While it is true that under arbitration law generally arbitrators are the final judges of both law and fact, in the area of automobile reparation arbitration it is clear that arbitrators are limited to deciding issues of fact, leaving interpretations of law to the courts. Johnson v. American Family Ins. Co., 426 N.W.2d 419 (Minn.1988). This policy seeks to assure a more consistent interpretation of the statutory provisions. Where arbitrators are called upon to construe Minn.Stat. § 65B.56, the number of differing interpretations relating to conditions that may be attached to the taking of an independent medical examination is limited only by the number of arbitrators concerned.

As argued by appellant, issues as to the requirement, scope and conditions of an independent medical examination permitted by the statute and the insurance contract, are not factual disputes; they are questions of law based on contract and statutory interpretation. To permit the arbitrator to construe the statute as it relates to the independent medical examination, or the effect of respondent's failure to appear and submit to the examination, would be contrary to the clear intent enunciated in Johnson that consistency mandates that the courts interpret the no-fault statutes. The problem here cannot be resolved, as the majority attempts to do, by designating as "factual issues" those that are clearly "legal issues."
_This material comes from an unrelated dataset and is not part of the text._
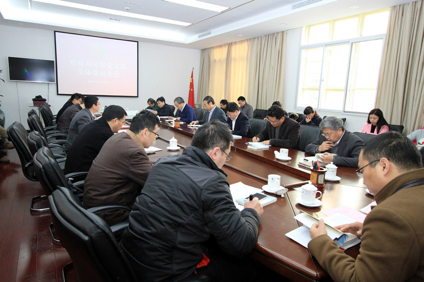11月24日上午,党政办公室党支部召开全体党员大会,开展“两学一做”学习教育专题学习讨论,深入学习贯彻党的十八届六中全会和习近平总书记系列重要讲话精神。党组织关系在党政办党支部的校领导许武、万立骏、窦贤康、陈晓剑、周先意、朱长飞、蒋一,以普通党员身份参加支部学习并参与讨论交流。会议由支部书记、党政办主任刘天卓主持。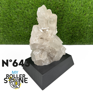 Amas de Cristal de Roche Naturel sur Socle en Bois Peint en Noir #643

*195 The majority concludes that an independent medical examination's reasonableness presents "unique factual issues." The issues presented in this case are neither factual nor unique. They are legal issues that will arise in almost every personal injury action where an independent medical examination is sought by the party against whom a claim is made. From the standpoint of the claimants (and who can blame them), the right to have a third party present at every phase of every independent medical examination, tape recording the proceeding and looking over the doctor's shoulder, is a circumstance much to be desired. However, if such is to be an acceptable practice, let the court say so in order that uniformity can be achieved.

I would reverse and remand for consideration by the trial court.


[*] Retired judge of the district court, acting as judge of the Court of Appeals by appointment pursuant to Minn.Const. art. VI, § 2.